Idea behind "reparameterization hiding a corner" in single variable calculus
@IsaacBrown 's answer is concise and correct. Here's another way to understand what is going on.
If you think about physically tracing the graph of $|x|$ between $(-1,1)$ and $(1,1)$ as you move at unit speed along the $x$-axis then the corner at the origin requires an instantaneous change of direction.
If you slow down so that your speed approaches $0$ as you approach the origin then there's no sudden change of direction there, and you speed up afterwards. That's how the given reparameterization "hides the corner".
In this animation contributed by @leftaroundabout the red vertical line moves at uniform speed from left to right; the blue one slows down to cross the origin at $0$ speed.
What's going on here: time runs from $t=-5$ to $t=5$. The red vertical shows that time on the x-axis ($\color{red}{x=t}$), the green horizontal $\color{green}{y=t}$. The green curve gives the parametrisation of $\color{green}{x=f(t)}$, and the red parabola represents $\color{red}{(t,t^2)}$. Taking at each $t$ the $x$-values from $\color{blue}{f(t)}$ and the $y$-values from $\color{blue}{t^2}$ gives the yellow graph, which is identical to absolute-value function $\color{yellow}{|x|}$.
Animation source code: https://gist.github.com/leftaroundabout/2a19aea0e8dcb7b63d919406ecdb8c4a
The corner here is the point $(0,0)$, as it is a non-differentiable corner of the curve represented by the graph of $h(x)=|x|$ (parametrized by $(t,h(t))$).
This non-differentiability is what is being hidden by this reparametrization of the curve as both $f(t)$ and $t^2$ are differentiable functions. The way it does this is by having derivative $0$ for both the $f(t)$ and $t^2$ at $(0,0)$.
The other answers cover this nicely. I offer a somewhat different perspective. Notice that the function $h$ is a map from $\mathbb R$ to $\mathbb R$, whereas the parameterization $c$ is a map from $\mathbb R$ to $\mathbb R^2$. This means a priori that the $meaning$ of $h'$ and $c'$ are different. Thus, there is no reason to expect that differentiability of one of them implies differentiablity of the other.
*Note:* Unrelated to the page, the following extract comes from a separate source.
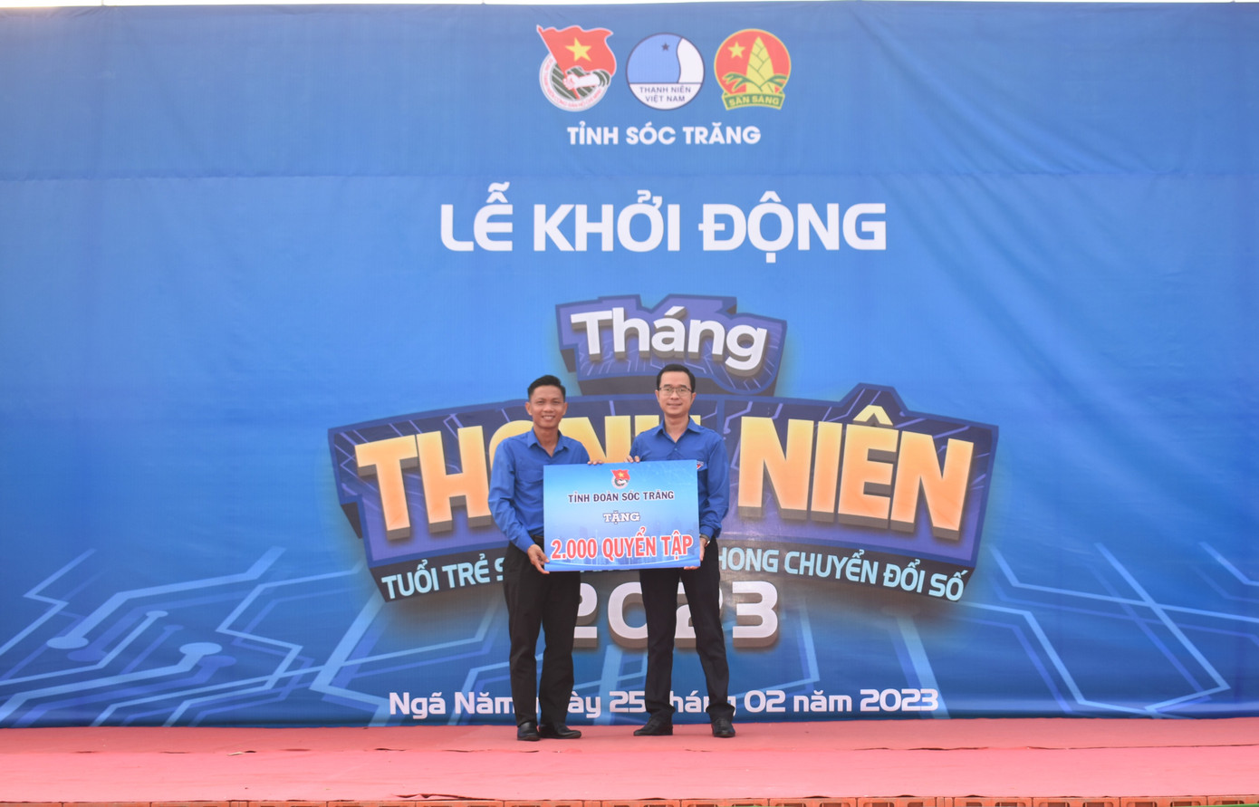 Tại buổi lễ, Ban Thường vụ Tỉnh đoàn đã trao tặng các nguồn lực gần 500 triệu đồng để triển khai các hoạt động gồm: tặng 1 căn nhà cho thanh niên có hoàn cảnh khó khăn huyện Châu Thành, 60 suất học bổng cho các em học sinh vượt khó học tốt thị xã Ngã Năm, 2.000 quyển tập cho Hội đồng Đội thị xã Ngã Năm, công trình trồng 1.000 cây xanh tại thị xã Ngã Năm.

Here is an even worse situation that can occur: take $f(t)=(\cos t,\sin 2t):\ \frac{-\pi}{2}< t< \frac{3 \pi}{2}$. Now, $f$ as defined is injective and differentiable on its domain. The curve (image of $f$) is
If we restrict the curve to $AB$, then the inverse image contains the isolated point $\frac{\pi}{2},$ and so is not open, but $AB$ may be considered as the $graph$ of some $real-valued$ function which is evidently continuous (even differentiable).
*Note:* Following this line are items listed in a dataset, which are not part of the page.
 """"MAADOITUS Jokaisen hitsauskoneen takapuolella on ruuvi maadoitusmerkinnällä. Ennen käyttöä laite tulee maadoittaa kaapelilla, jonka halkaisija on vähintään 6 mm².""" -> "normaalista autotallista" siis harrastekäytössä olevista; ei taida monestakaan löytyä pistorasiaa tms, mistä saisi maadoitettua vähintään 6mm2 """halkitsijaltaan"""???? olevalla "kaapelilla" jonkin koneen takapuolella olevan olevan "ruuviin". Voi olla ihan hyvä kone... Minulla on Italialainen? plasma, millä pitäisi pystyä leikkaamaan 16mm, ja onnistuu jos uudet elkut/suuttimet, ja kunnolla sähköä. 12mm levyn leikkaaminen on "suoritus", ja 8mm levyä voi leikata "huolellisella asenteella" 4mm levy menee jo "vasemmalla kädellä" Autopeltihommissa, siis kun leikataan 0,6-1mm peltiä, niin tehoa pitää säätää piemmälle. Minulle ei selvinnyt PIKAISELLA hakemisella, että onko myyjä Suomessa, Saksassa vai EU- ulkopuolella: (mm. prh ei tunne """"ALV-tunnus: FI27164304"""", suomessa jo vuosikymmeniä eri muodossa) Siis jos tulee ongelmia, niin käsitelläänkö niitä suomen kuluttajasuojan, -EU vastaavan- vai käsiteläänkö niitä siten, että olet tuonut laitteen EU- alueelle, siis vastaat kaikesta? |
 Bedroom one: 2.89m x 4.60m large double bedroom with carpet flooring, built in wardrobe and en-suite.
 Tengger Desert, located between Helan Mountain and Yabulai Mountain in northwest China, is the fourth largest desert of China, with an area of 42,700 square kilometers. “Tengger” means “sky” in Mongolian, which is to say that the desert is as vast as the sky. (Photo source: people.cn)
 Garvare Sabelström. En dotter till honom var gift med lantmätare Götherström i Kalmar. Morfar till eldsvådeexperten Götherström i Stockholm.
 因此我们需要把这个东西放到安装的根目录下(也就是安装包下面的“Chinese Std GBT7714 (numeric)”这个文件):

The underlying problem is that when we consider continuity and differentiability of $f$ the codomain $\mathbb R^2$ is the space we work in. But when we consider the curve to be the graph of a relation, and restrict it to $AB$ so that is becomes a function, we are changing the codomain to a subset of $f((\frac{-\pi}{2} , \frac{3 \pi}{2})),$ which is quite a different thing. Although $f$ is smooth as a function $(\frac{-\pi}{2}, \frac{3 \pi}{2})\to \mathbb R^2$, $AB$ is not even an open set in the topology induced by $f$, because $f^{-1}(AB)$ is not open!